It's actually unclear if the torpedo tube on Klingon ships is exclusively a torpedo tube, rather than a generic weapons bay, capable of housing either a disruptor or torpedo, depending on refit. For example, in Way of the Warrior, and Redemption, we see Klingon ships firing what looks like a disruptor from there (the IKS Bortas receives a hit from a transparent blast from a Bird-of-Prey's forward weapon). The Vorcha class unofficial schematics always suggested that the main weapon on a Vorcha is a super-heavy disruptor canon of some kind, that we see firing in both beam and ball/pulse form. I would suggest that maybe Klingon ships like the Ktinga have different loadouts.
 
I just watched Way Of The Warrior the other day. That D7 fires a beam out of the torpedo tube the way the E-D did in Darmok (pre remaster).

The same with the D-7 in "Rules of Engagement". And no D-7 in (that is, from) the 24th century fires torps from there, ever.
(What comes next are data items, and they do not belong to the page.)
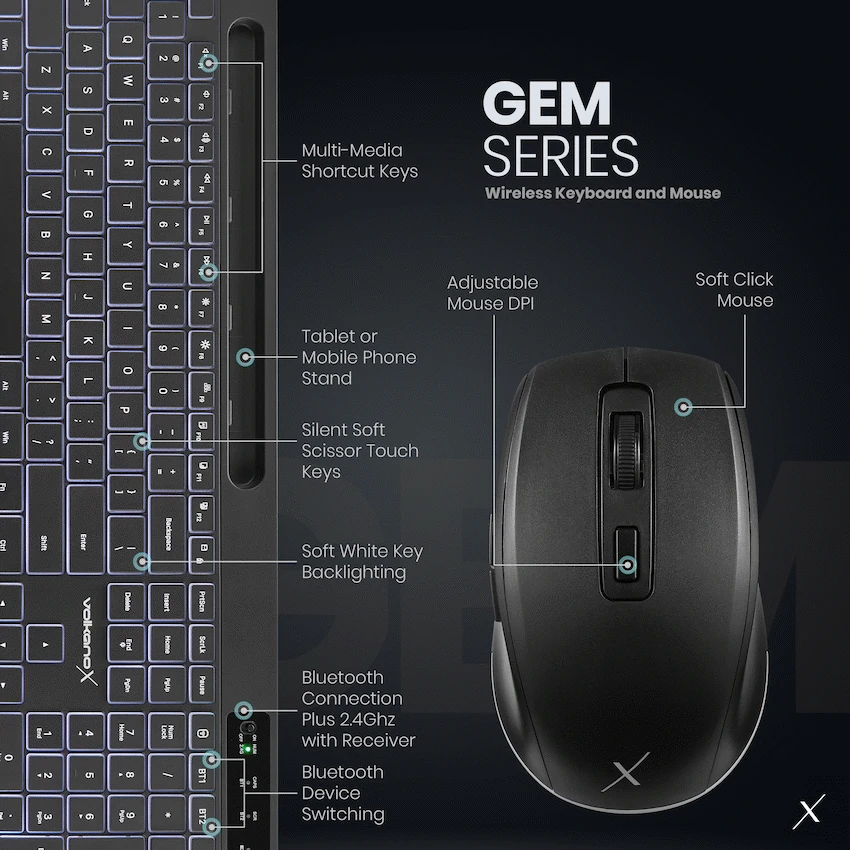 Improve workspace comfort with the VolkanoX Gem Bluetooth Wireless Keyboard and Mouse combo. It offers multimode connectivity via Bluetooth and 2.4 GHz, plus a backlit keyboard for low-light use. This black set is a practical VolkanoX choice.
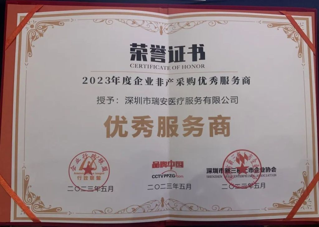 瑞安医疗十分荣幸荣获本次大会的“企业非产采购优秀服务商”奖项,感谢行业与社会对于瑞安医疗多年不懈创新与高速发展的重要认可。瑞安医疗自创立以来,一直聚焦于职场医疗健康服务领域,始终致力于为广大企事业单位构建一整套完善的创新型职场医疗与健康服务保障体系。瑞安医疗在日益发展的企业职场健康服务浪潮中,十分愿意贡献出自己的一份力量,以期能够持续助力“健康企业建设”伟大战略的稳健加速发展,为广大企业员工的生命与健康保驾护航!
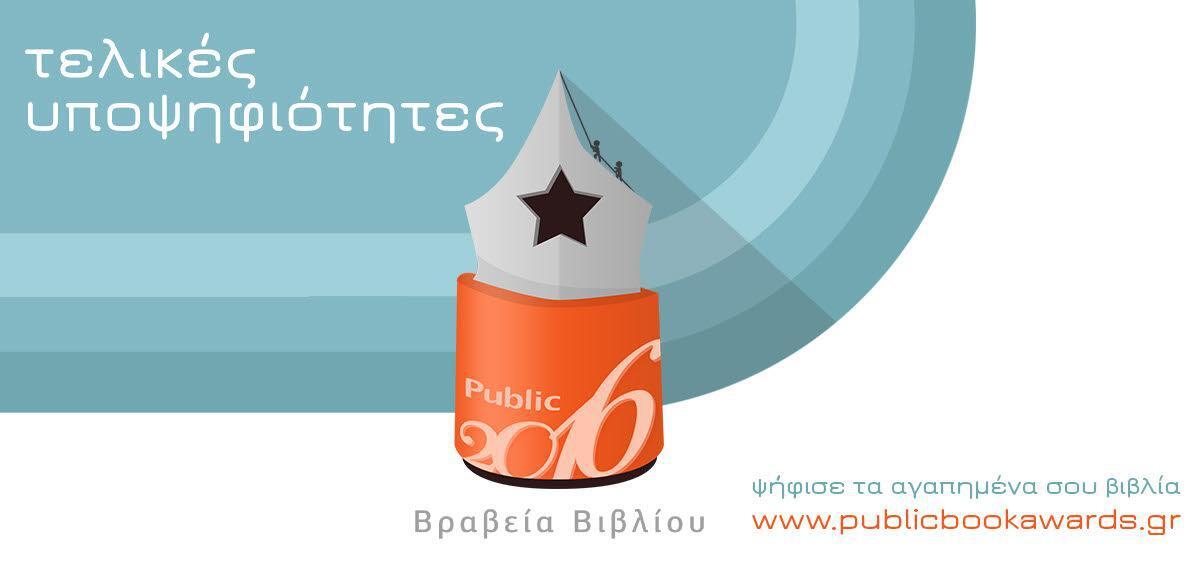 Ψηφίστε τώρα τους μεγάλους νικητές των Βραβείων Βιβλίου Public 2016 από τις βραχείες λίστες που εσείς διαμορφώσατε. Δείτε αναλυτικά τις βραχείες λίστες για το 2016 (τελική δεκάδα υποψήφιων βιβλίων ανά κατηγορία με αλφαβητική σειρά):
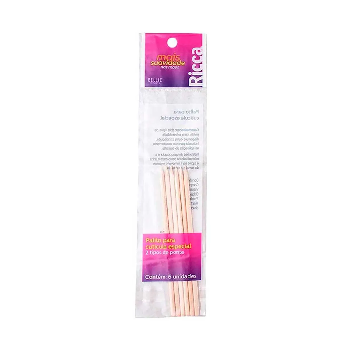 confortáveis, afiados e lisos, os palitos de cutícula de madeira da Ricca são essenciais para o cuidado com as unhas.

Seems the Klingons ripped out an outdated weapon and replaced it with something more effective fleetwide. Since no other Klingon ship fires red beams, this might even be a special "bombard" conversion, the weapon being mainly useful in the first wave of attack against a superheavily shielded target such as a starbase. Better expend old rather than new ships in such duty!

Timo Saloniemi
 
It's actually unclear if the torpedo tube on Klingon ships is exclusively a torpedo tube, rather than a generic weapons bay, capable of housing either a disruptor or torpedo, depending on refit. For example, in Way of the Warrior, and Redemption, we see Klingon ships firing what looks like a disruptor from there (the IKS Bortas receives a hit from a transparent blast from a Bird-of-Prey's forward weapon). The Vorcha class unofficial schematics always suggested that the main weapon on a Vorcha is a super-heavy disruptor canon of some kind, that we see firing in both beam and ball/pulse form. I would suggest that maybe Klingon ships like the Ktinga have different loadouts.
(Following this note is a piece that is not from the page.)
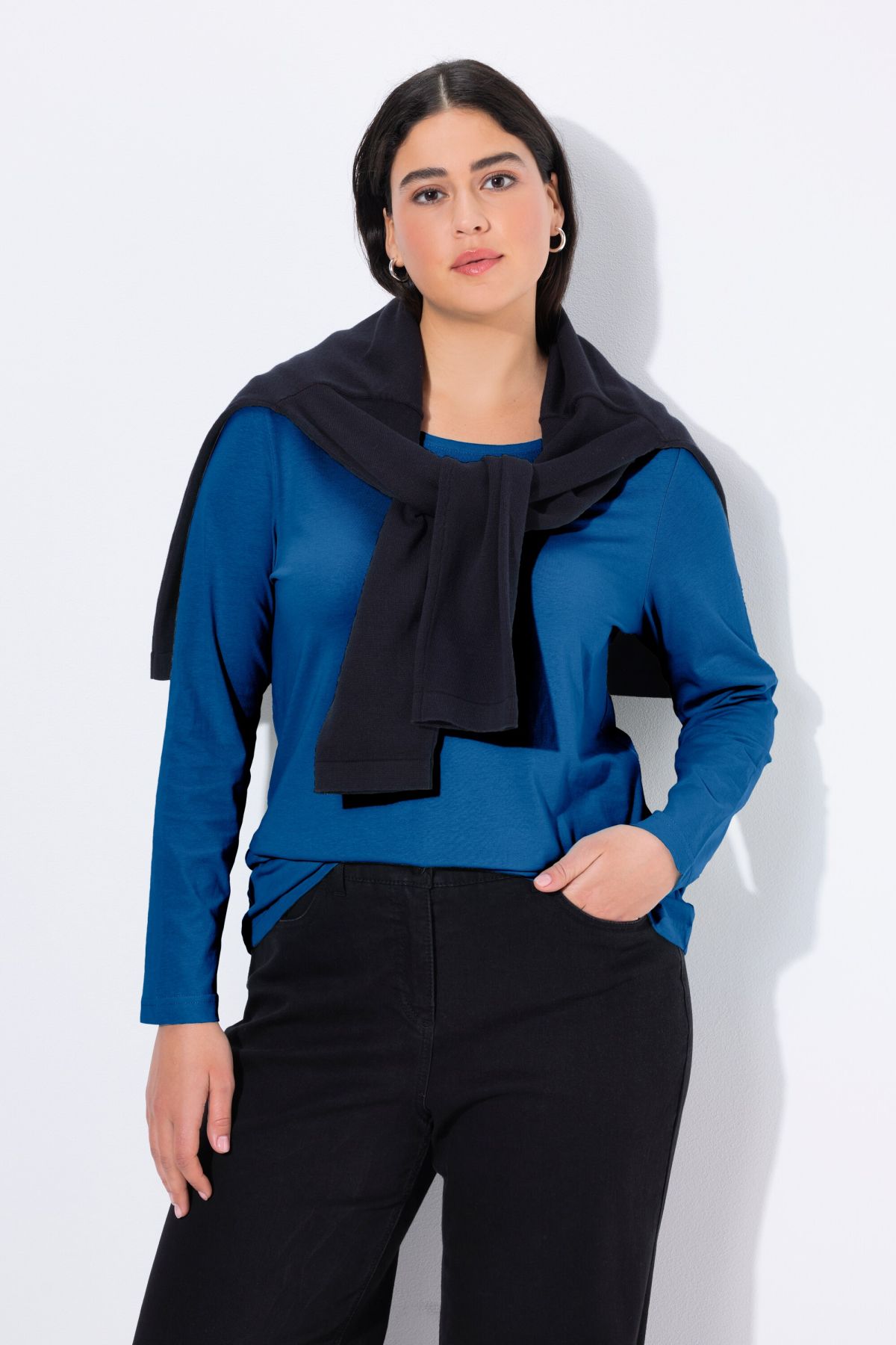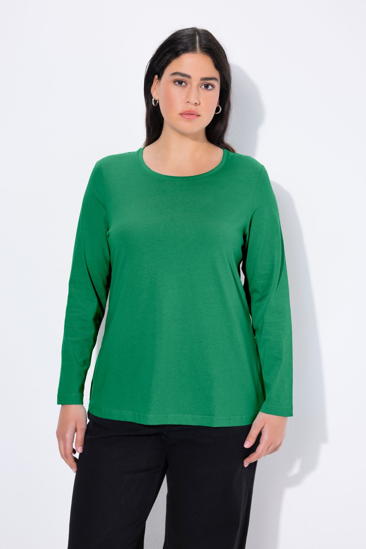 Basic tee with long sleeves and a round neck in a figure hugging fit. Ideal lightweight cotton layering piece. It can be worn with just about anything - a basic must have for your wardrobe. Slim fit.
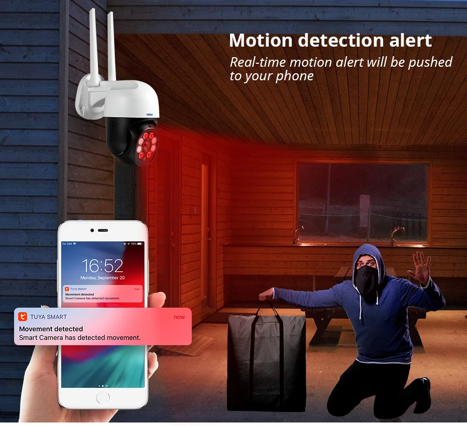 Когда камера обнаруживает движущийся объект, камера автоматически отслеживает движущийся объект, не пропуская никаких подозрительных следов.

The same with the D-7 in "Rules of Engagement". And no D-7 in (that is, from) the 24th century fires torps from there, ever.

Seems the Klingons ripped out an outdated weapon and replaced it with something more effective fleetwide. Since no other Klingon ship fires red beams, this might even be a special "bombard" conversion, the weapon being mainly useful in the first wave of attack against a superheavily shielded target such as a starbase. Better expend old rather than new ships in such duty!

Timo Saloniemi

Both very good explanations and in-universe ways to cover for the somewhat common CGI mistakes we see on Star Trek :lol:

Perhaps the Klingons don't "wait until Tuesday" to upgrade their ships.

I wonder, if they ever got round to remastering DS9, would they fix these?
 
I seriously doubt it - it took them effort to introduce a special look for the D-7 weapons in DS9, so why undo it?

It would be different if they put generic green bolts in that former torpedo hole - that might have been an error in need of fixing. But there's nothing generic or off-the-shelf about the red beams.

Timo Saloniemi
 
One of the biggest problems for a spacecraft is heat management. Heat, contrary to what people might assume, does not dissipate very quickly in space. That is because there is no air, or matter of any kind, to conduct heat away. Pure vacuum contains no medium for convection to take place in; heat can only radiate as pure EM. So, a starship builds up thousands of degree of heat from general operations, such as running a warp drive or firing weapons; hardly anything is lost, only added. Think of how much a PC can heat a room. This effect could cook a crew alive. One way you could deal with it would be to collect the heat in a disposable material, and eject this material (like a liquid, or solid heat-sink) into space. Presumably the Federation has an even more advanced method of managing heat; not generating it in the first place somehow.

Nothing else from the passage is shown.